In the first case, several approaches have been proposed to deal with this issue (Amer-Yahia, Cho, & Srivastava, 2002; Cho & Balke, 2009). The basic idea of these approaches is based on considering XML relaxing queries to return closest or the most relevant results to the users, but most of them does not consider the user’s preferences when relaxing the original query. However, in the real application the efficiency of the query relaxation is affected greatly by the user’s preferences. In this paper, we automatically generate preferences by using association rules mining in the profile tree (Paik et al., 2009).

In order to avoid empty results and to further personalize users’ queries, a preference query considers nodes relaxation to the preferred query structure. Moreover, preferred structure in the query can be relaxed to all still relevant query structure. To enhance the expressiveness of the preference model, preference may depend on context (Agrawal, Rantzau, & Terzi, 2006). Context is a general term used to express the situation of the time of the submission of a query, including the surrounding environment, time or location (Stefanidis, Pitoura, & Vassiliadis, 2007).

In this paper, we focus on both the relaxation of structural preferences and content scoring for XML, inspired by structural relaxation techniques to capture scoring and ranking queries (Cho & Balke, 2009). Due to the structural heterogeneity of XML data, queries are usually interpreted approximately and Top-k answers are returned ranked by their relevance to the query (Amer-Yahia, Lakshmanan, & Pandit, 2004; Polyzotis, Garofalakis, & Ioannidis, 2004).

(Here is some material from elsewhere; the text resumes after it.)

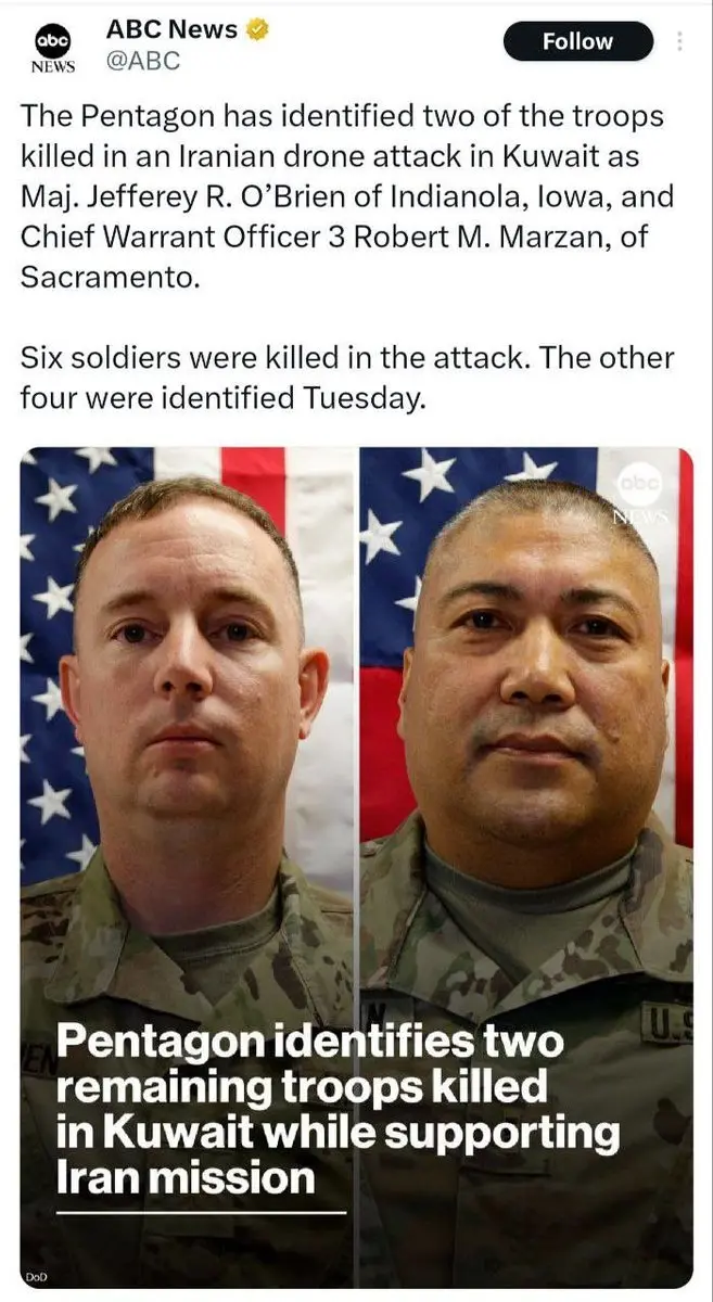 وزارت جنگ آمریکا هویت ۲ نفر دیگر از نظامیان خود را که در جریان حملۀ ایران به مواضع آمریکا در کویت کشتهاند، فاش کرد.
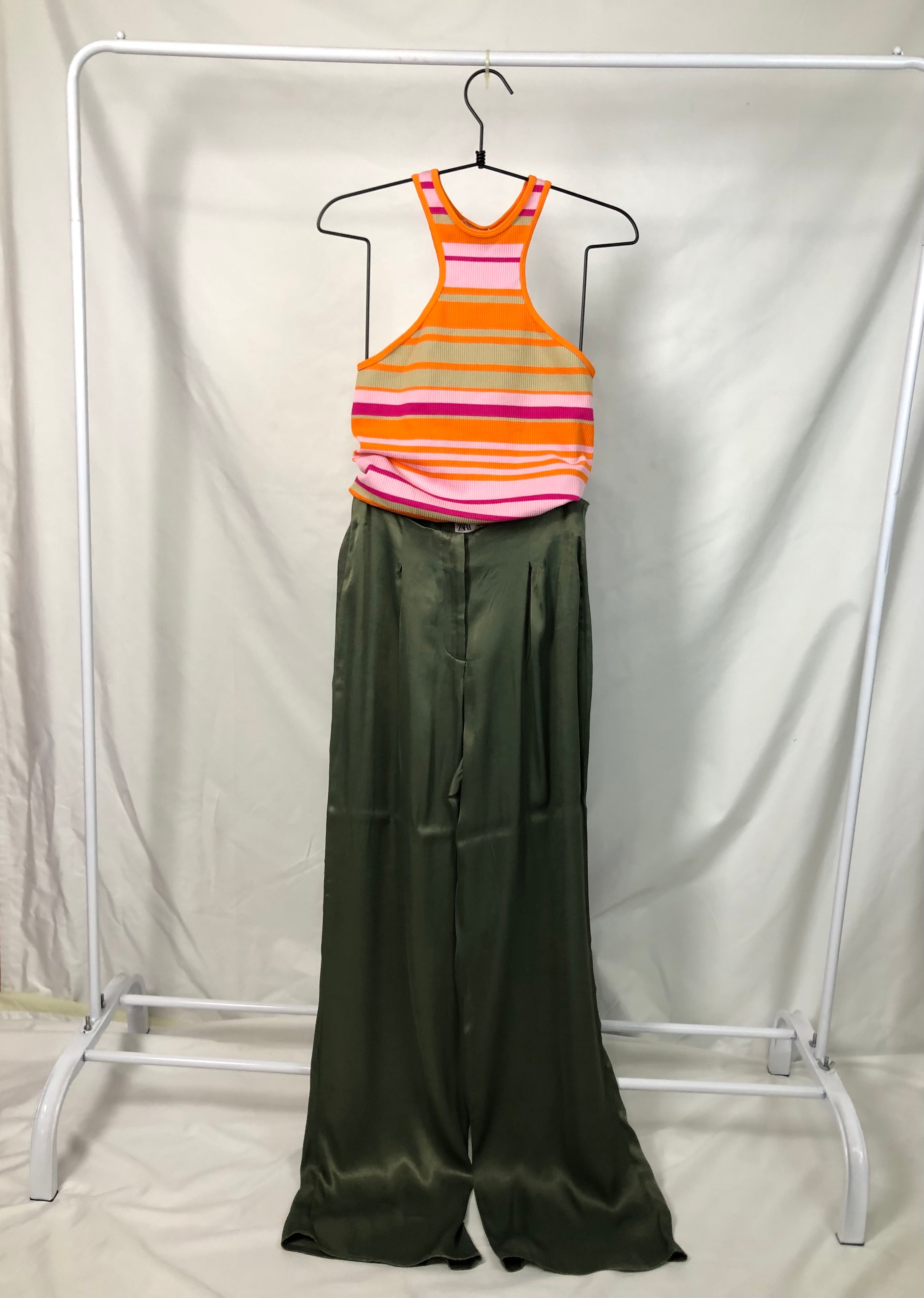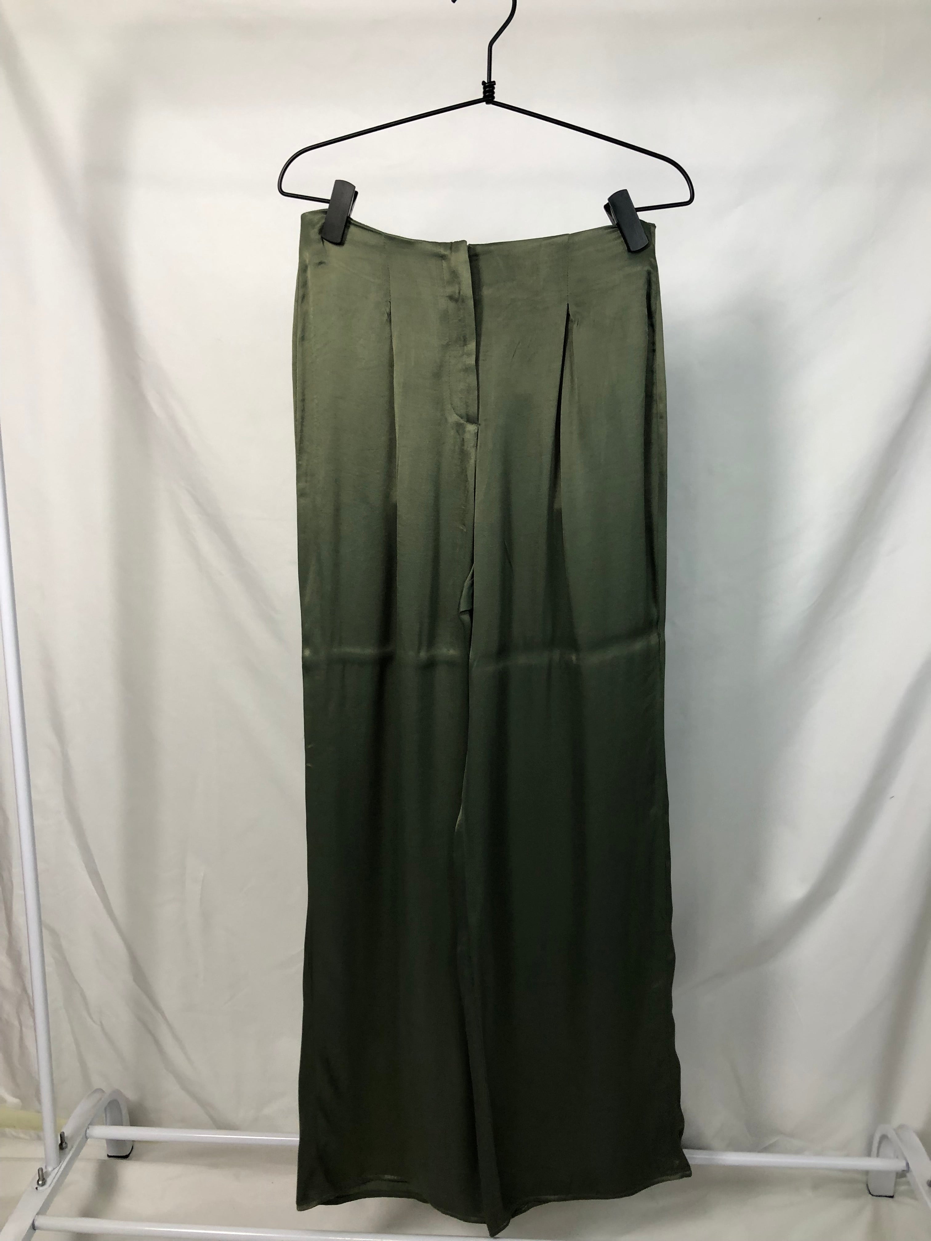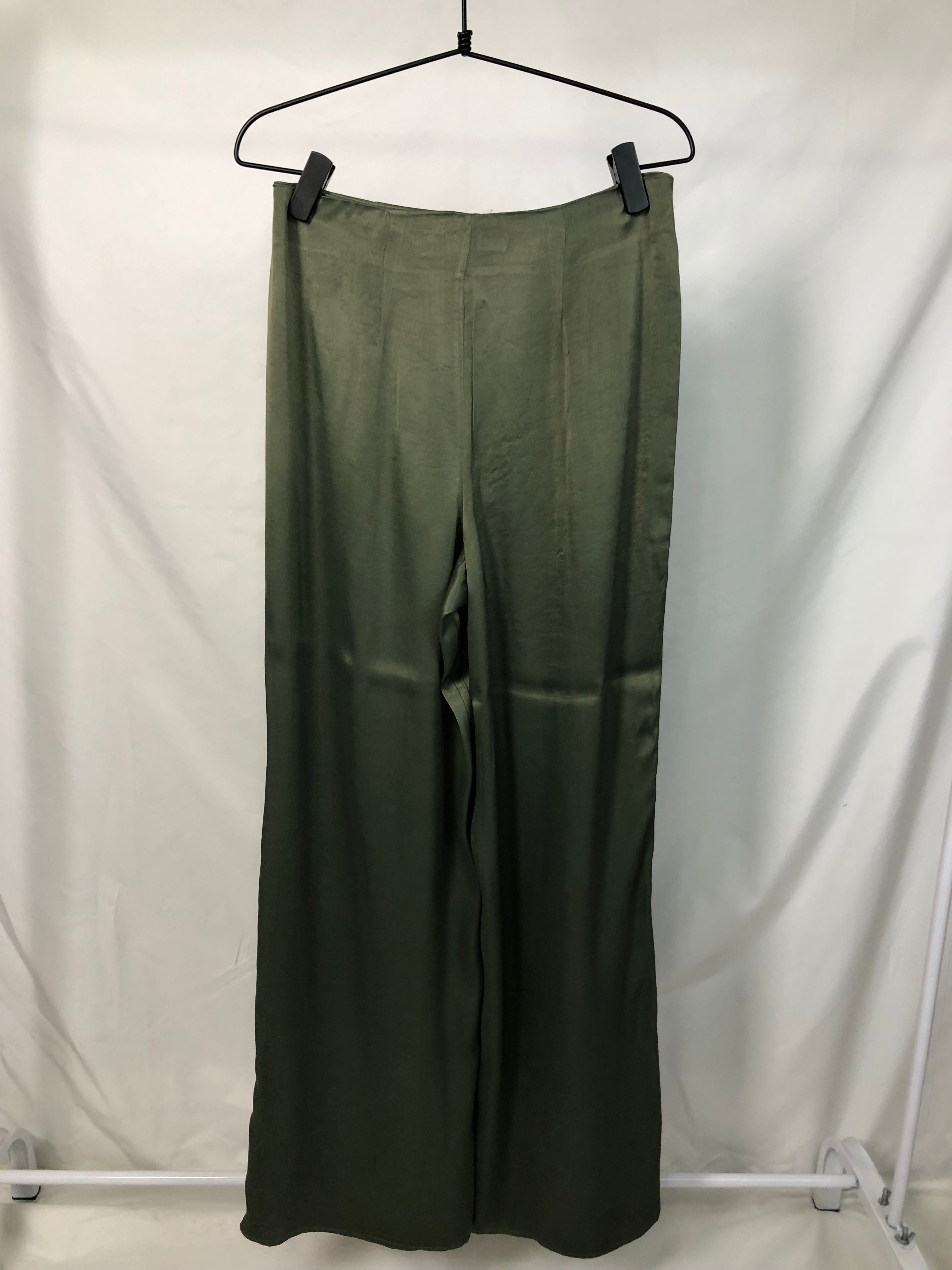 New olive green wide-leg cut satin classic pants with pockets.

However, after relaxing original queries, another problem faced by the users will be that there are usually many answers returned to the users’ preference queries. To resolve the many answers problem, we use efficient Top-k ranking algorithm to rank the results. We propose the method of content scoring for XML tree nodes based on contextual preferences. Users assign an interest score to each preferred node, preference expressed by the users to be an indicator of interest degree. Assuming that the XML document is large and only a few nodes are interested by the users, sorting the whole XML document for each user’s preference query will result in both wasting resources and slow query responses. Thus, we propose a preference queries results ranking approach to improve efficiency of the user’s processing query.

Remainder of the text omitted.